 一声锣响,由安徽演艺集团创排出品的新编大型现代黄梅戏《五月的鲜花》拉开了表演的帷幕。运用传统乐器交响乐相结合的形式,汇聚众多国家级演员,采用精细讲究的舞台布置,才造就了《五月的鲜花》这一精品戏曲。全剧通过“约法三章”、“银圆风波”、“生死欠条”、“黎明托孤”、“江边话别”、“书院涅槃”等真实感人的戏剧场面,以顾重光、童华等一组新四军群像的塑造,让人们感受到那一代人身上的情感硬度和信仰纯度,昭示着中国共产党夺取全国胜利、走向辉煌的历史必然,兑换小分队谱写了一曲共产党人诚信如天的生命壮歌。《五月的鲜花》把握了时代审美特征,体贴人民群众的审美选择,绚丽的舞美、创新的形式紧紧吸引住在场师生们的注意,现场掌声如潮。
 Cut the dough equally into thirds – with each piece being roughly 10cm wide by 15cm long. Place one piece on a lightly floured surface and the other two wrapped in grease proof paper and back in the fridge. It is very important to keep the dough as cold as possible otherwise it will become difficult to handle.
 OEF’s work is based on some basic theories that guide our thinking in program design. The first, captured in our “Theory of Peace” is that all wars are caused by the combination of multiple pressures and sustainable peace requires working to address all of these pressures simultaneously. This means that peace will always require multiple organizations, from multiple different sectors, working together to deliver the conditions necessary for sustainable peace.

──────────

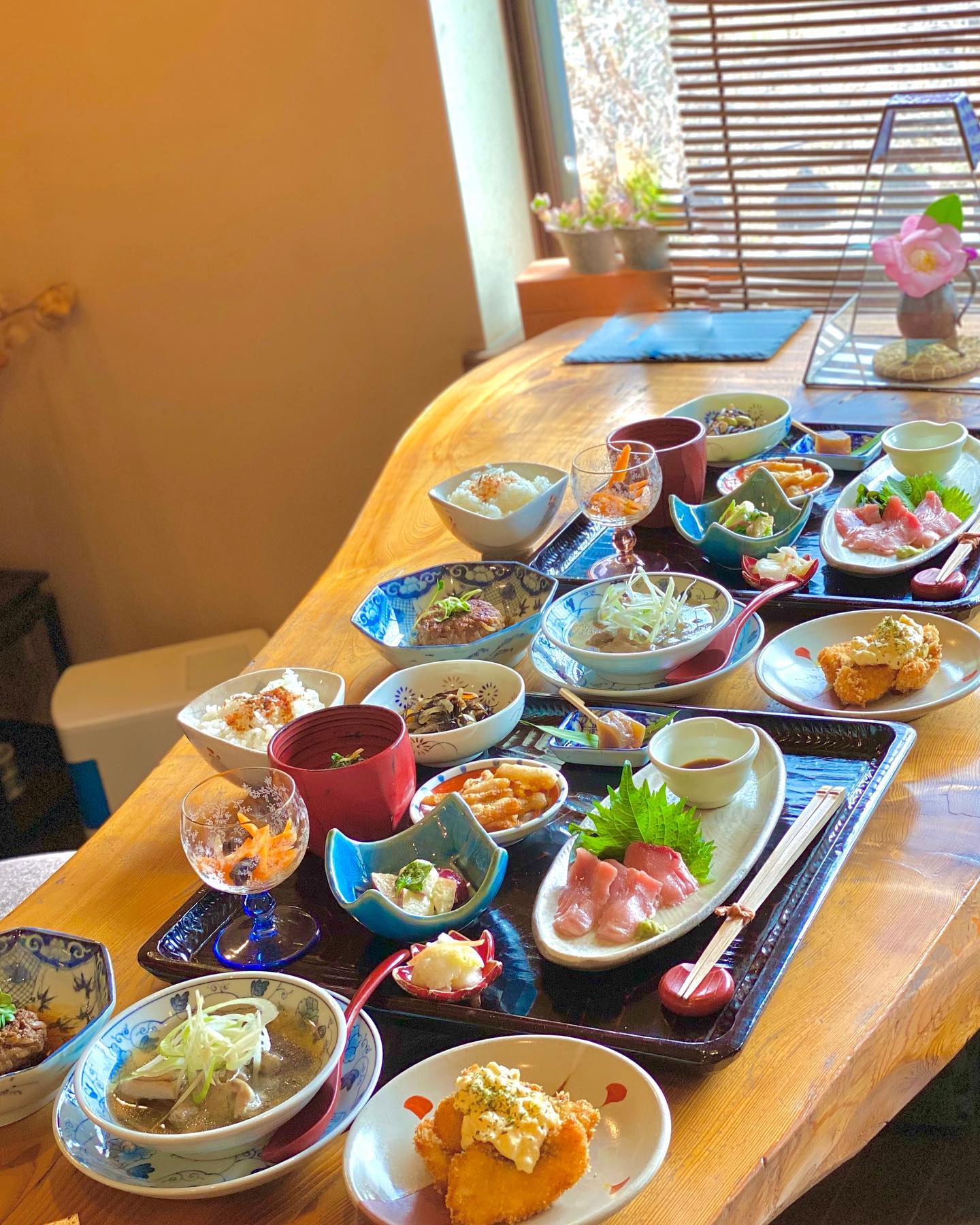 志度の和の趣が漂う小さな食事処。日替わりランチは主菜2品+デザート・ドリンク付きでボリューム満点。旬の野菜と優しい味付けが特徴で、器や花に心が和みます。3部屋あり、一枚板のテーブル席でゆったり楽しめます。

──────────

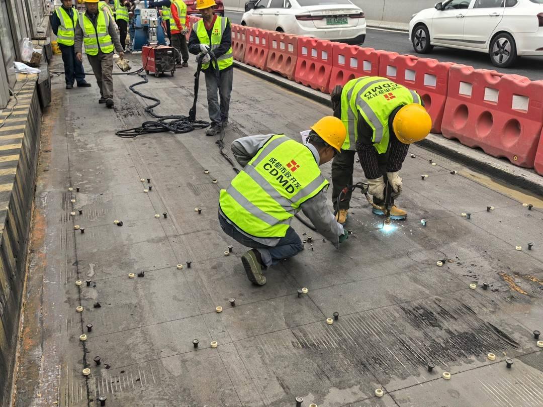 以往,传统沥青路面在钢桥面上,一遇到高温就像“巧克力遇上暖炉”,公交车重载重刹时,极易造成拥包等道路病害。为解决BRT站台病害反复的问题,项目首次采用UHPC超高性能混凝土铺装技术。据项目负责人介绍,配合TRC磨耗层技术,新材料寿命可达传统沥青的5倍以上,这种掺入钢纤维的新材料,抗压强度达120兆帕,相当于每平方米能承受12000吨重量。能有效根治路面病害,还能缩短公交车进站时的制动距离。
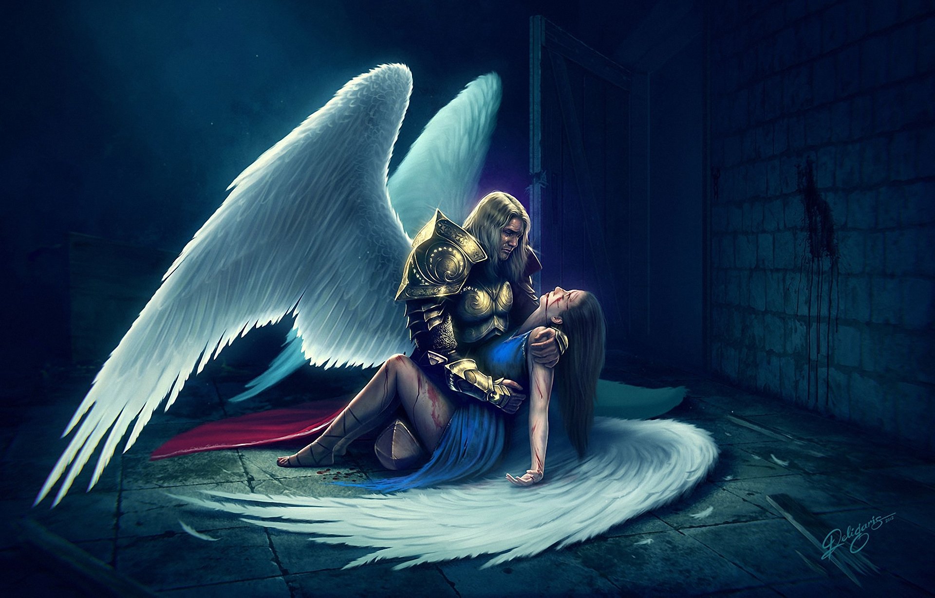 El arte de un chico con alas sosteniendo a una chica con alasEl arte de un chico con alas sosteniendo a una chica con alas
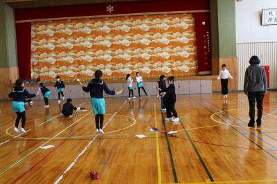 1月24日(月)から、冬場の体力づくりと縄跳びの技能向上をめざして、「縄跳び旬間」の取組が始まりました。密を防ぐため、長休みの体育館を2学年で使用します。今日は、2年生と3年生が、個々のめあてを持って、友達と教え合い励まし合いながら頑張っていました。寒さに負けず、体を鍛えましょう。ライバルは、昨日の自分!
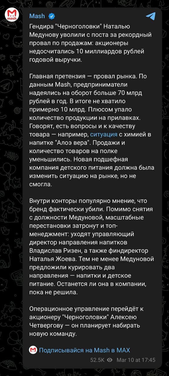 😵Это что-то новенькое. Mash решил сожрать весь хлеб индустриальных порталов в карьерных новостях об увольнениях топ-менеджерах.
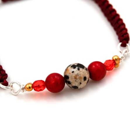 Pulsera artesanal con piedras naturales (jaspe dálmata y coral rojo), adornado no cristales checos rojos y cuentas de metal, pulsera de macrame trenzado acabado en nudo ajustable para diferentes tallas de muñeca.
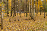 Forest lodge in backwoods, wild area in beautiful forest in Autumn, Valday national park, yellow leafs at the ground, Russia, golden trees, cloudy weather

──────────

**TRY IT:**
What are the lines in the records above, word for word, from the one containing "Pulsera artesanal con" through the one containing "Forest lodge in", both ends included and pictures left out?

**FINISHED EXERCISE:**
 Pulsera artesanal con piedras naturales (jaspe dálmata y coral rojo), adornado no cristales checos rojos y cuentas de metal, pulsera de macrame trenzado acabado en nudo ajustable para diferentes tallas de muñeca.
 Forest lodge in backwoods, wild area in beautiful forest in Autumn, Valday national park, yellow leafs at the ground, Russia, golden trees, cloudy weather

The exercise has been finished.